For the the bilingual model application we use the applylm tool described in Language Model Rescoring.

 > applylm.${TGTBINMK}.bin --range=1:$M --nthreads=1 --lm.load=models/nplm.s3t4  --lm.featureweights=1  --lm.wps=0 --lattice.load=output/bilmexp/AFIDETLATS.0W/?.fst.gz --usebilm=yes --usebilm.sourcesize=3 --usebilm.sourcesentencefile=AR/mt02_05_tune.ara.special.idx --lattice.store=output/bilmexp/BLMONLY/?.fst.gz

The tool takes as input unweighted unambiguous lattices available in output/bilmexp/AFIDETLATS.0W/. The output is a lattice with the bilingual model scores. The program option --usebilm=yes enables bilingual composition. Note that an NPLM model is not aware of distinctions on the input between source and target; this has to be provided manually by the user with --usebilm.sourcesize=3. Finally, --usebilm.sourcesentencefile= points to a special version of the source file. Compare with the one used for HiFST:

> head -1 AR/mt02_05_tune.ara.special.10first.idx
1 10000180 10000003 10000447 10000003 10001305 10006008 10000009 10001796 10006264 10022050 10000003 10000250 2
> head -1 AR/mt02_05_tune.ara.10first.idx
1 180 3 447 3 1305 6008 9 1796 6264 22050 3 250 2

The difference is the aforementioned offset to ensure that NPLM distinguishes source words from target words.

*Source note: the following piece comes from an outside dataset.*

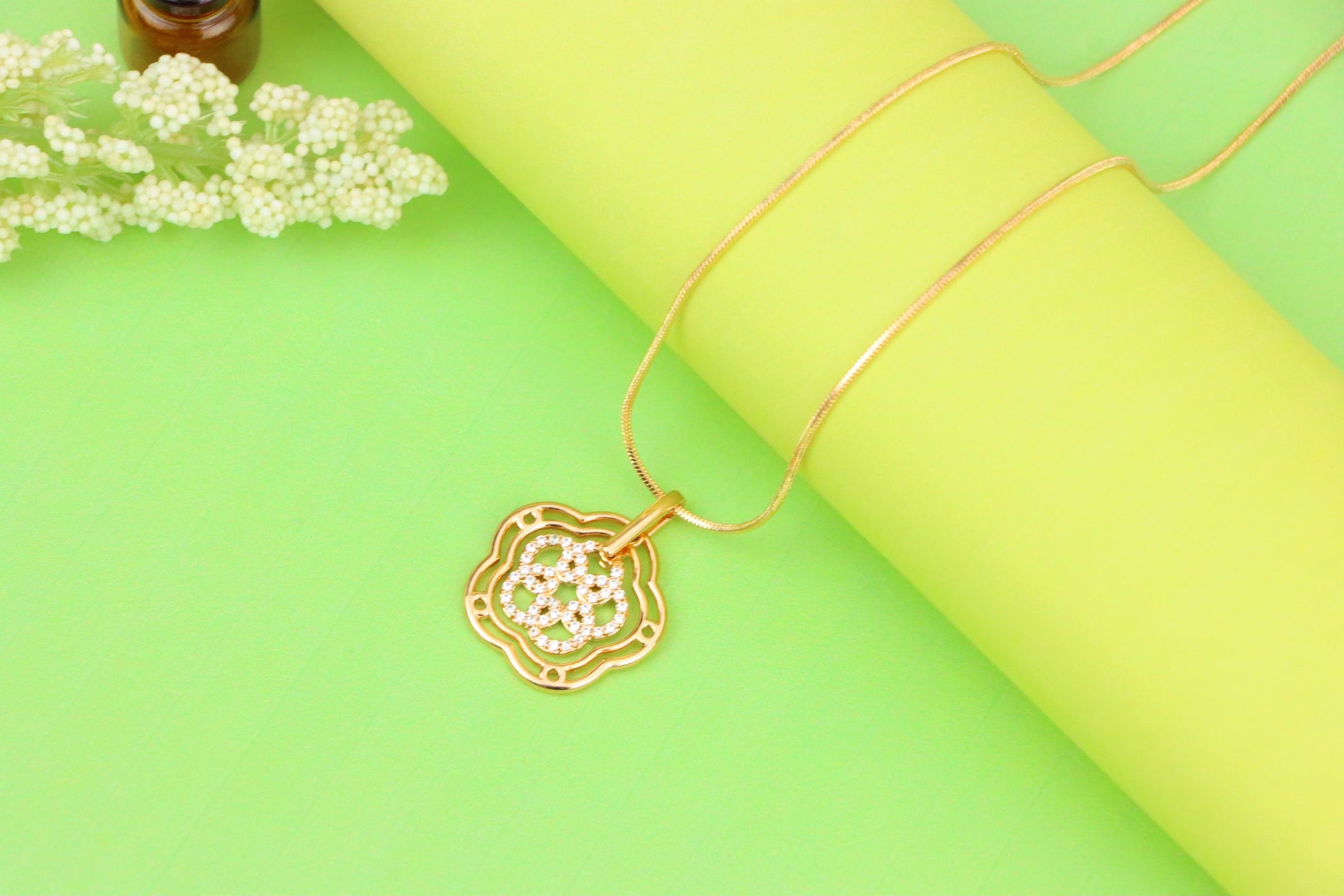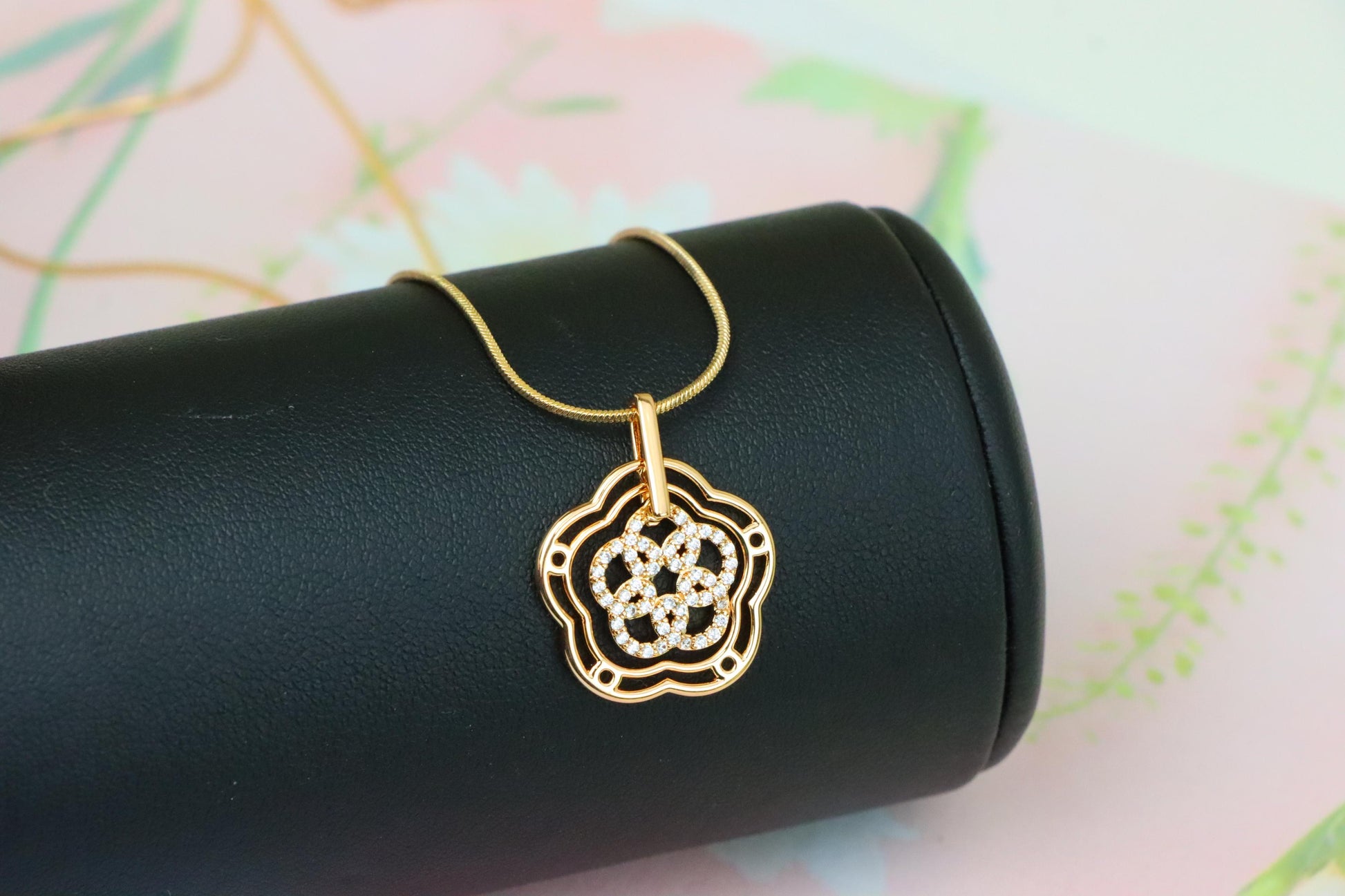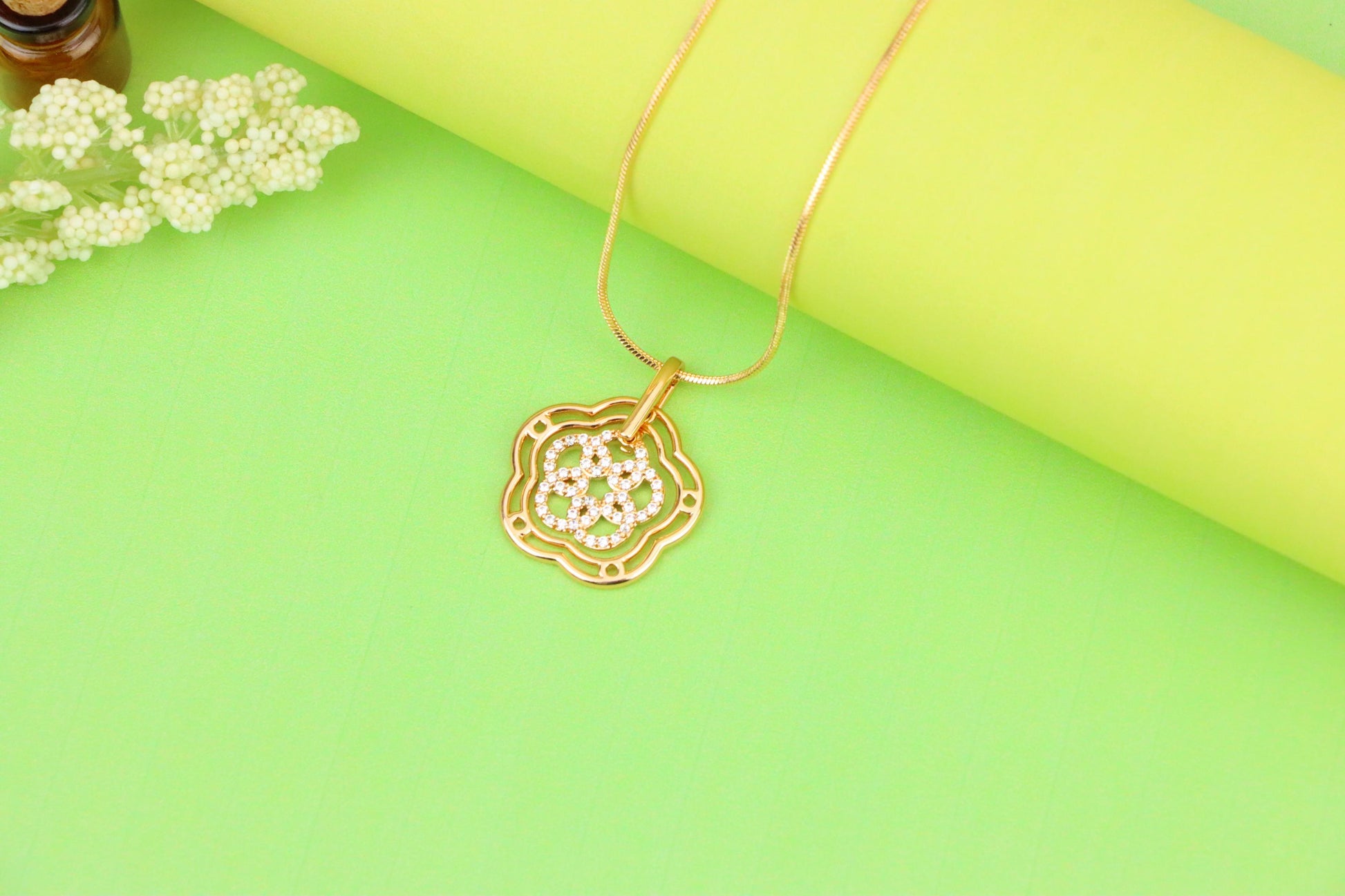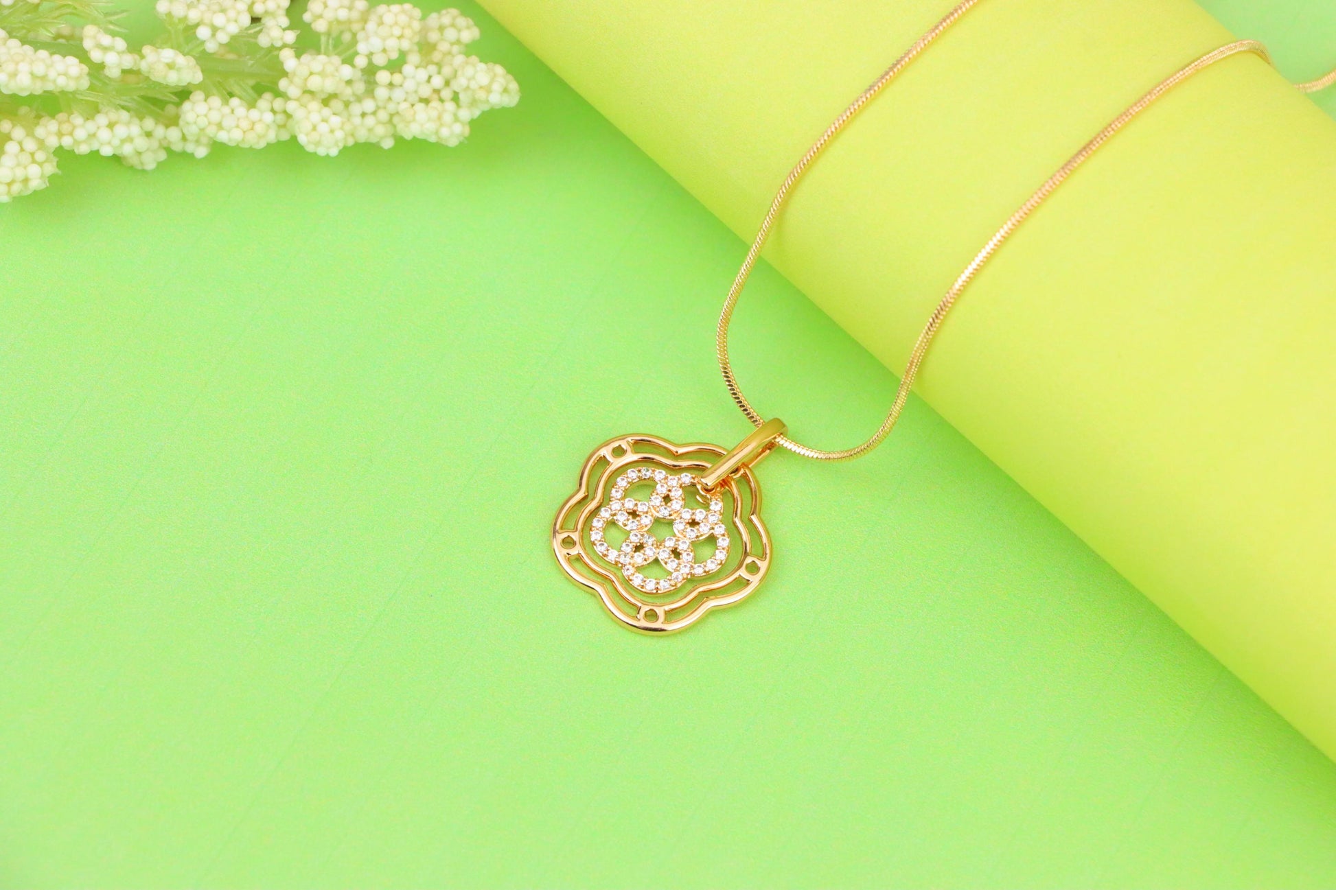 Designed to make a subtle yet elegant statement, this rose gold floral pendant combines symmetry with sparkle. Made with gold-plated high-quality brass and measuring approximately 0.79 x 0.79 inches, it's perfect for both casual and formal wear.

Adding the bilingual feature to the feature vector lattices

The script has a little function addFeatureToVECFEA that pipes OpenFst/ucam-smt tools to add the new feature into the feature vector lattices. Recall that a feature vector lattice contains hypotheses with their individual feature contributions.

 > FW=1.000000,0.820073,1.048347,0.798443,0.349793,0.286489,15.352371,-5.753633,-3.766533,0.052922,0.624889,-0.015877
 > printstrings.O2 --input=output/bilmexp/VECFEA/1.fst.gz  --semiring=tuplearc --tuplearc.weights=$FW -w --sparseformat
 1 3 511 342 1480 866 11 3 3286 5 717 35351 9967 2       0,9,1,55.5727,2,10.626,3,8.83496,4,-14,5,-8,6,-5,10,-8,11,29.29,12,31.3643

The highest feature index is 12. The new feature vector lattices contain the extra bilingual feature at position 13.

 > printstrings.O2 --input=output/bilmexp/VECFEA+BLM/1.fst.gz  --semiring=tuplearc --tuplearc.weights=$FW,0 -w --sparseformat
 1 3 511 342 1480 866 11 3 3286 5 717 35351 9967 2       0,10,1,55.5727,2,10.626,3,8.83496,4,-14,5,-8,6,-5,10,-8,11,29.29,12,31.3643,13,33.4465

Note that the feature weights provided to the tool need an extra 0. Otherwise, the following message would appear:

 feature vector has a larger dimensionality than the parameters. Params: 12 Features: 13

At this point, you only need to run lmert tool to get a new set of weights, e.g. using as starting parameters $FW,0. See Lattice MERT for more details. Use printstrings tool to get the best hypotheses under the new weights.